How Germans (don't) talk about money

10 German slang words for money

Flocken (flakes)

A German saying actually recommends avoiding talk of money: "Über Geld spricht man nicht." Yet there are countless ways to avoid the taboo — using slang. If the Inuit mythically have 50 words for snow, the German expressions for cash are probably countless. One word is even related to snow: "Flocken," or flakes.

10 German slang words for money

Kohle (coal)

"Der Schornstein muss rauchen" — the chimney has to smoke — was an 18th-century German idiom reminding that money is needed to keep the house warm. There are several German terms for money related to combustible materials. "Kohle" is one of those most commonly used, along with "Asche," ashes. Coal was a scarce commodity during war times and became an informal means of payment.

10 German slang words for money

Kies and Schotter (gravel)

The Yiddish word "kis," which means purse, could be mistaken with the German word "Kies" — small stones. That could explain why Kies became synonymous with coins, along with "Schotter," another word for broken stones, and simply "Steine" — stones. Let gravel jangle in your pocket next time you're broke, and see how it feels.

10 German slang words for money

Knete (putty or dough)

"Knete" is modeling clay, but it can also translate as dough. "Ohne Knete, keine Fete" — no party without dough. It appeared as a German slang word fairly recently in the 1970s, perhaps inspired by its long established use among students in English: A Yale fraternity publication already printed the term in 1851, mentioning "sufficient dough" as a way of avoiding "society's embarrassments."

10 German slang words for money

Moos (moss)

There's a German saying, "Ohne Moos, nix los!" (Nothing happens without moss.) One might think this word became slang for money because of the dense green texture of these plants growing in shady locations: It's a metaphor which could work well for green US dollars. But the word actually derives from the Hebrew word for coins, "ma'oth."

10 German slang words for money

Mäuse (mice)

Maybe the slang word "Moos" got confused with the similar-sounding word "Maus" — mouse — at some point. Pluralize that and it becomes "Mäuse." Yes, mice: A cute way to refer to cash in Germany.

10 German slang words for money

Kröten (frogs)

What do frogs have in common with money? The term "Kröten" was already in use in the 19th century to designate small change. It sounds a bit like "Groschen" and "Groten," coins from the Middle Ages. The unsightly appearance of the creature could explain it referring to a miserable sum.

10 German slang words for money

Lappen (rags)

If the English say "from rags to riches," the Germans use those rags to show how rich they are: The word "Lappen" refers to those larger bills you can demonstratively slap on the counter. Lappen is also a slang word for a driver's license.

10 German slang words for money

Riesen (giants)

The tallest person on Earth can probably get rich by exploiting his unusual height, but in German, a "Riesen" also means one thousand (insert currency here).
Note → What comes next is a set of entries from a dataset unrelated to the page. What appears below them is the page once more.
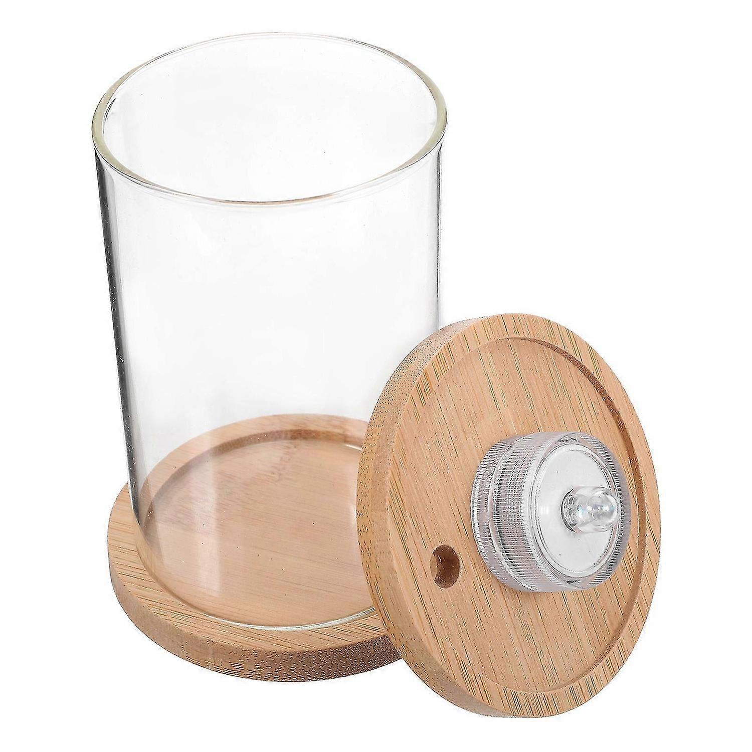 Portable Desktop Fish Tank Transparent Glass LED Aquarium with Wooden Lid Base 1 Set
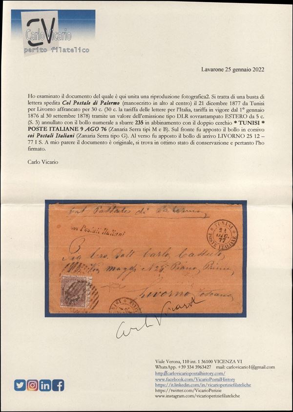 Col Postale di Palermo (corsivo) + Coi Postali Italiani (tipo G) - busta affrancata con 30 cent (6) da Tunisi a Livorno del 21.12.77 - cert. Vicario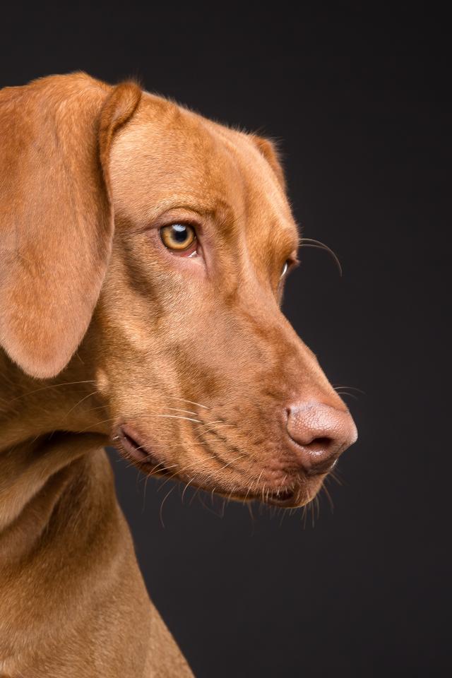 Обои Большой породистый коричневый конь на черном фоне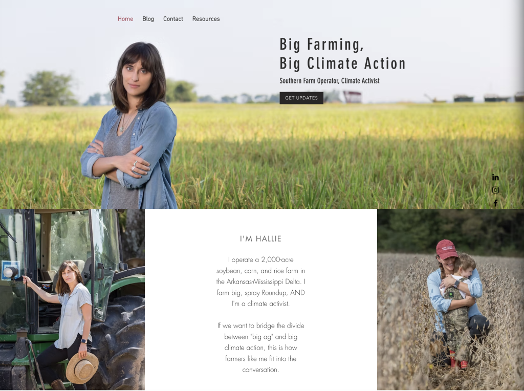 For years, Shoffner published blogs on the website FarmHerHallie.com, which she said would “bridge the divide between ‘big ag’ and big climate action.” The site’s header read, “Big Farming, Big Climate Action” and identified Shoffner as a “Southern Farm Operator, Climate Activist.” Shoffner’s blogs, meanwhile, featured headlines like “What to do about climate anxiety,” and “I’m a ‘big ag’ farmer and I advocate for climate action.”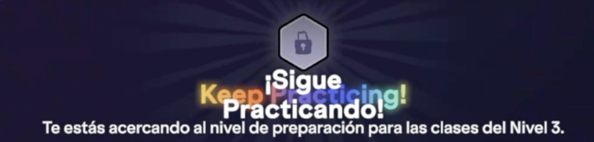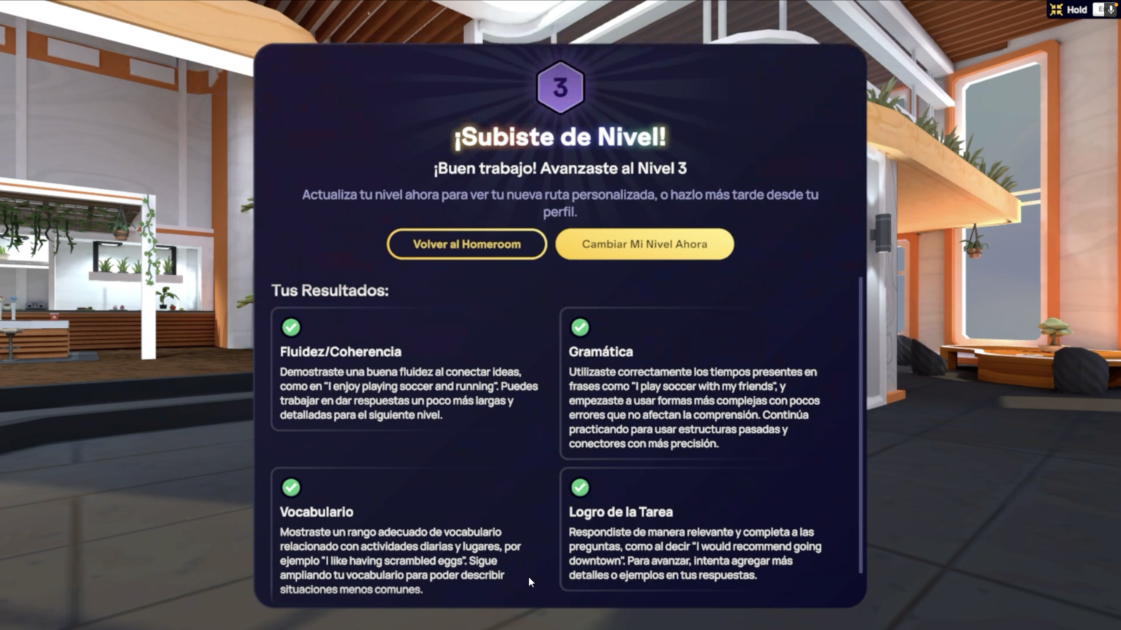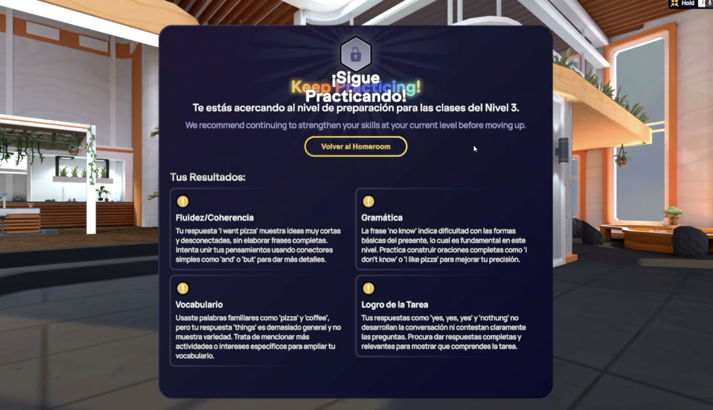 Necesitas más práctica – Si la evaluación determina que aún no estás listo para subir de nivel, recibirás recomendaciones sobre las áreas que puedes mejorar antes de volver a intentarlo. Se te invitará a regresar a tu Homeroom.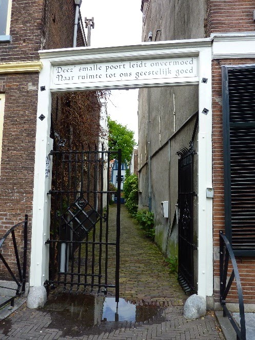 De doorgang heeft deze naam in de volksmond, en geldt niet alleen de houten poort met smeedijzeren hek, die waarschijnlijk uit de 18de eeuw stamt. [Cf.] Wellicht denken sommigen vanwege deze benaming dat de tekst die op de houten poort is aangebracht,"Deez' smalle poort leidt onvermoed naar ruimte tot ons geestelijk goed", naar Spinoza verwijst, maar die tekst verwijst naar “Het Lokaal van de Vergadering van Gelovigen”, het lokaal van de Darbisten, ook wel ‘gelovigen’ of ‘broeders’ genoemd: het kerkgenootschap dat gesticht werd door H.C. Voorhoeve en waarvoor K. Stoffels rond 1870 het huidige kerkgebouw ontwierp. [Cf.]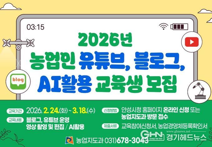 경기헤드뉴스 이현규 기자 | 안성시농업기술센터는 지역 농업인의 디지털 매체 활용 능력을 높이고 농산물 홍보 역량을 강화하기 위해 ‘2026년 농업인 유튜브·블로그·AI 활용 교육’ 교육생을 모집한다. 이번 교육은 블로그 운영뿐만 아니라 인공지능(AI)과 유튜브 동영상을 접목한 실전형 교육 과정으로 구성됐다.

Its equivalent in English is a grand.

10 German slang words for money


The term "Pinke" or doubled up as "Pinkepinke" derives from the Judeo-Aramaic language: Pinka was used in Slavic languages to refer to the "box for money paid by card-players to the innkeeper." A somewhat archaic term, it cannot be directly translated, but just like "cha-ching," it sounds like coins falling — hopefully in your own cash box.
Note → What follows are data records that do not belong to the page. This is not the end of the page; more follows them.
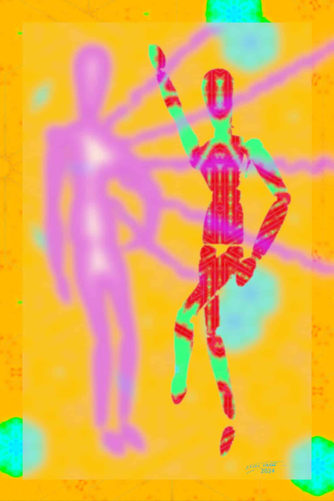 “Supra Bio Ghost” continues this exploration, delving deeper into the realm of the supernatural with a spectral figure that seems to transcend the digital canvas. The figure’s pose, imbued with a sense of motion and grace, is juxtaposed against a vibrant backdrop that pulsates with energy. Wolff’s use of neon colors and abstract patterns creates a hypnotic effect, inviting the viewer to ponder the mysteries of existence and the ethereal nature of the soul. This artwork, like its counterparts, is a testament to Wolff’s ability to convey complex, metaphysical themes through her silk Pop Art.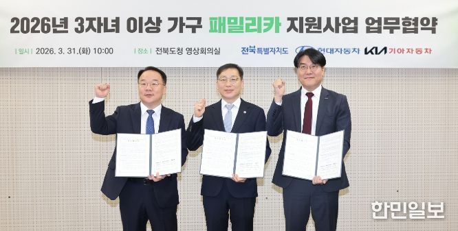 한민일보 서울포커스 박용남 기자 | 전북특별자치도가 현대자동차·기아와 손잡고 자녀 3명 이상 다자녀가구를 위한 패밀리카 구입비 지원사업을 전국 최초로 본격 가동한다.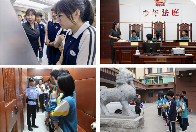 活動分為兩個部分。首先由干警帶領同學們參觀法院的基本設施。同學們依次體驗了訴訟服務中心的“一站式”訴訟服務,深入感受“未成年人心理疏導室”和“少年法庭”營造的溫馨、和諧的審判環(huán)境,認真觀察了羈押室、囚車以及各種警用裝備的精妙設計,“沉浸式”體驗了法院的工作氛圍。

According to a German saying, you shouldn't talk about money — but the language definitely offers many inventive slang words for it, from "ashes" and "coal" to "mice."

"Über Geld spricht man nicht, man hat es — You don't talk about money, you have it;

"Geld regiert die Welt" — Money rules the world;

"Die erste Million ist immer die Schwerste" — The first million is always the hardest... 

German proverbs related to money, along with the language's slang words used to describe it, offer insight into the country's relationship with cash.

For instance, Germans don't like to talk about how much they earn, presumably to avoid provoking envy. Some people simply have more than others; that fact shouldn't be questioned too loudly — at least in their view.

If you look into the idiomatic "Geld verdienen" — to earn money — it does reveal a certain culture of meritocracy: The verb "verdienen" also translates as "to deserve" or "merit."

Especially if you compare that with how Americans "make" money, and how the French, Italians, Spaniards and Bulgarians "win" their income ("gagner de l'argent"). The term used in Polish is "zarabiac" also refers to dough, since it translates as "earn" as well as "knead." Hungarians simply "look" or "hunt" for their salary: "penzt keres."